Paul Gregory became attached as producer and wanted Steve McQueen for the lead. MGM then offered the role to Nick Adams, but he turned it down as well. According to George Hamilton, MGM then "revised their concept of the film as quickie drive-in fare that might sell some records in the South and maybe to some crossover Beverly Hillbillies fans." They assigned their film to producer Sam Katzman who specialized in low budget fare.

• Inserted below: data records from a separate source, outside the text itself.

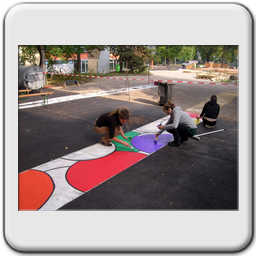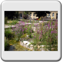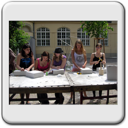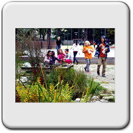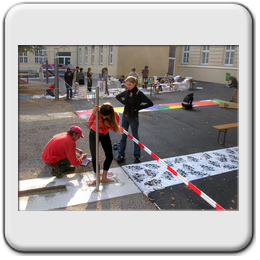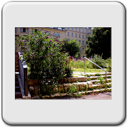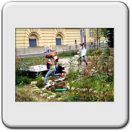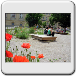 Ateliergarten: bietet Raum für künstlerische Darstellung der SchülerInnen und spiegelt die verschiedenen Schulschwerpunkte, wie Ballett.
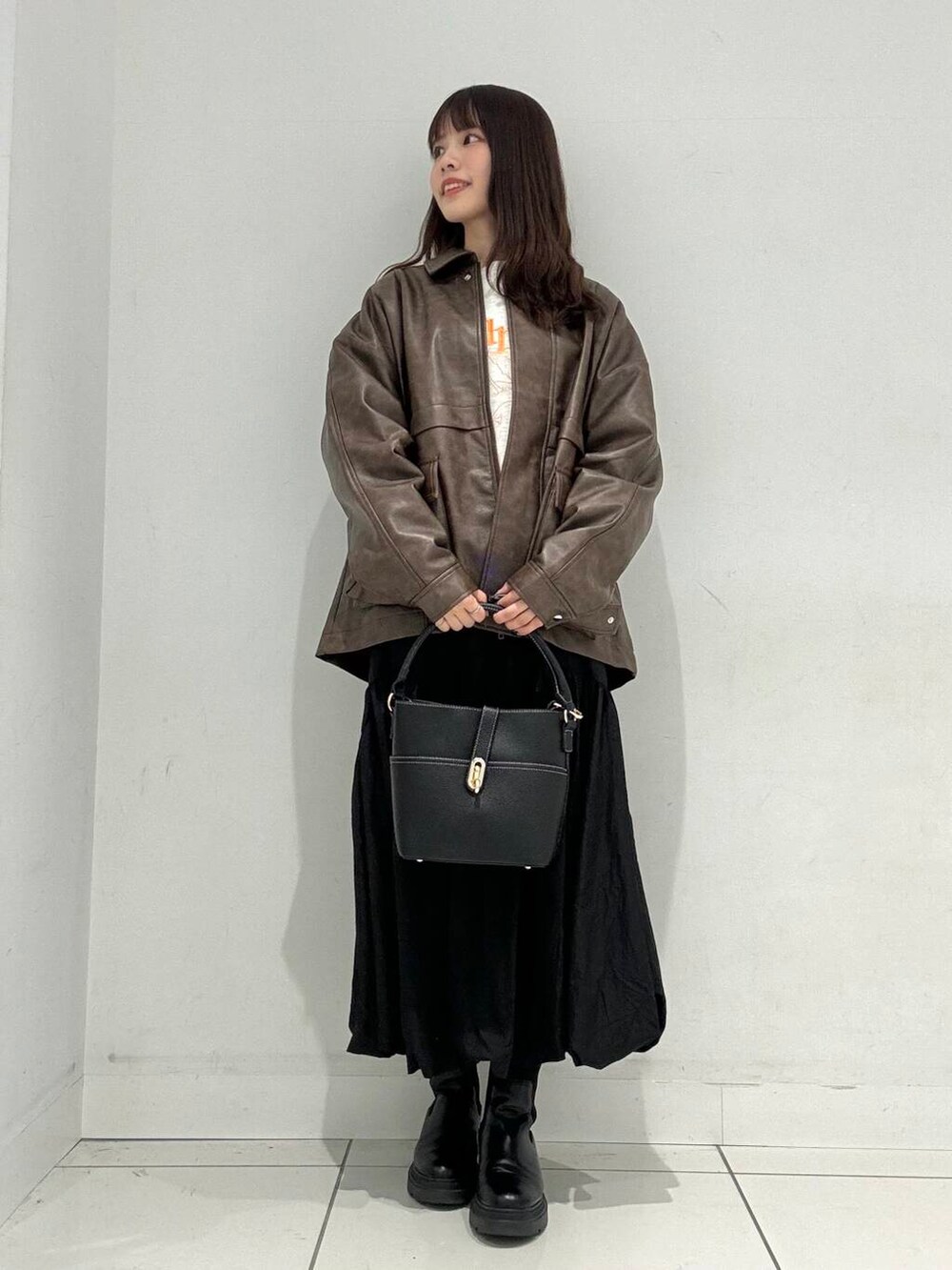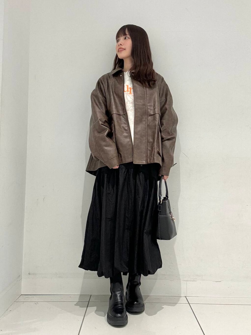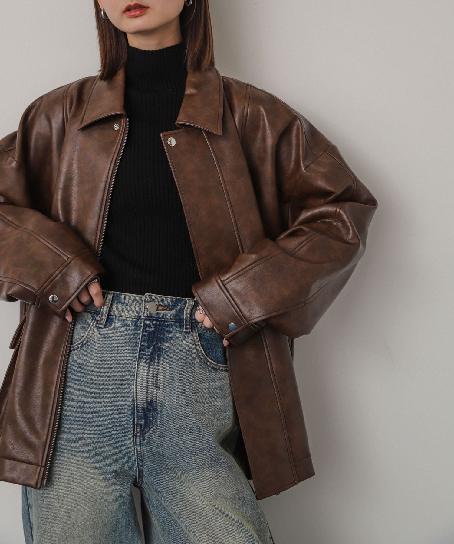 こちらのレザージャケットはオーバーサイズになっておりますので、中にスウェットを着てもスッキリ見せてくれます◉
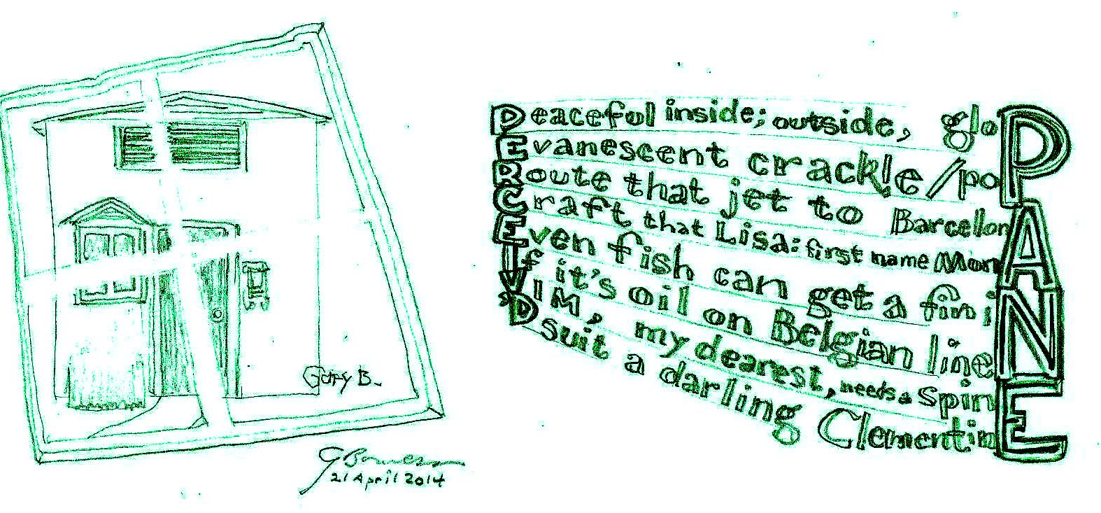 The crude drawn house inside the skewed window pane hearkens back to the early early Sixties. The teacher had us draw houses; I drew three or so. I distinctly remember that the one I drew with windows and a door got a gold star. The one with windows but no door got a silver star, and the one without windows got no star at all, even though it was a faithful rendering from memory of the windowless west side of our house.
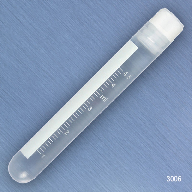 Globe Scientific Part Number 3006-50, CryoCLEAR vials, 5.0mL, STERILE, Internal Threads, Attached Screwcap with Co-Molded Thermoplastic Elastomer (TPE) Sealing Layer, Round Bottom, Printed Graduations, Writing Space and Barcode, 50/Bag, 50 Per Case
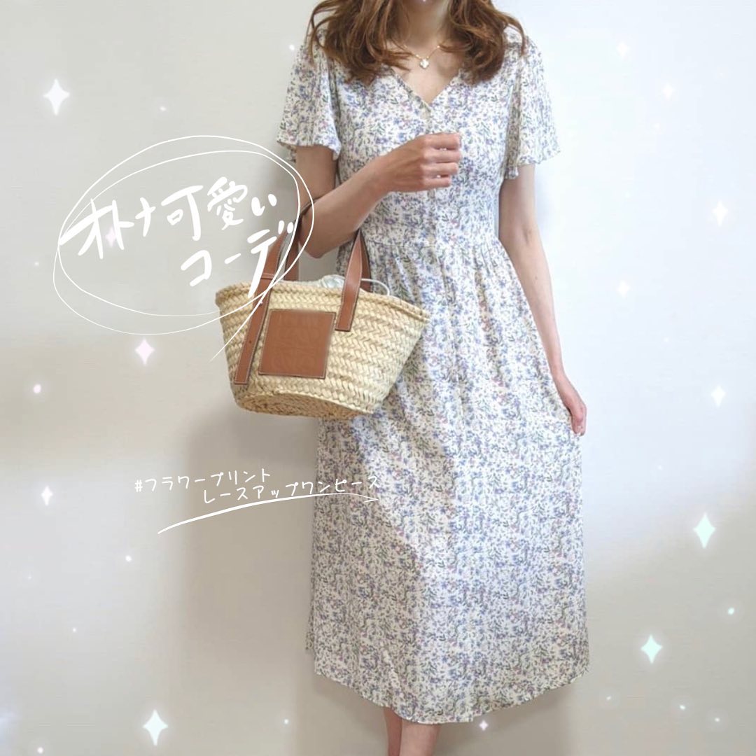 GUオトナ可愛いコーデをPick up!小花柄の可憐なワンピースに、カゴバッグを合わせた、ひと足先に夏を感じるスタイリング🥰品と甘さをふんわりとMIXして😘とっても可愛いです👏背中のレースアップで、ウエストラインを調整できる、シルエット自在の嬉しいワンピ🙌
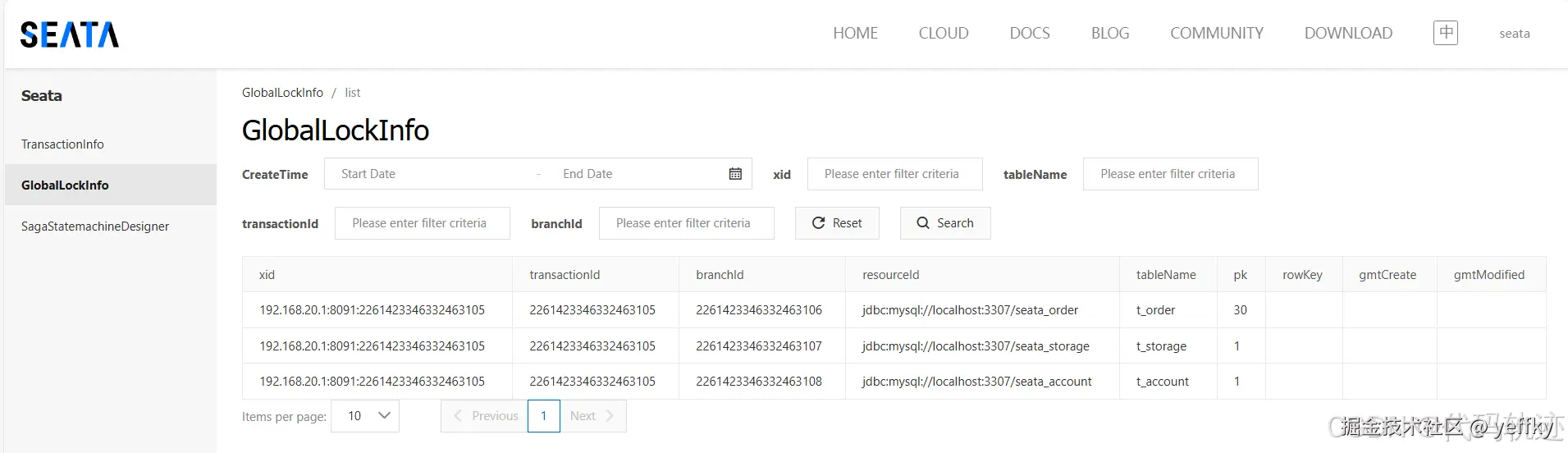 - 二阶段如果是顺利提交,因为业务SQL在一阶段已经提交,所以Seata只需将一阶段保存的快照数据和行锁删掉,完成数据清理即可。
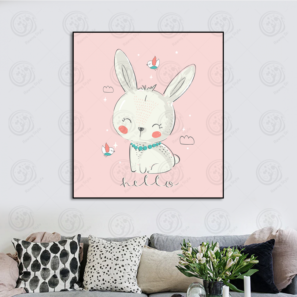 hand painted rabbit with birds art painting - E1PR-14481

In November 1963 Standford Whitmore was writing The Hank Williams Story for Katzman. The film was made with the assistance of Williams' widow Audrey and featuring the songs ("Long Gone Lonesome Blues", "I Can’t Help It", and "Hey, Good Lookin’") lip-synched by Hamilton but sung by Hank Williams, Jr.

Casting
Parker was friendly with George Hamilton, who had been a fan of Williams' music since his youth, knew every song Williams had written and could also play the guitar. Hamilton was under contract to MGM but says the studio "didn't see their stock company preppy playboy playing a drug addict honky-tonk crooner".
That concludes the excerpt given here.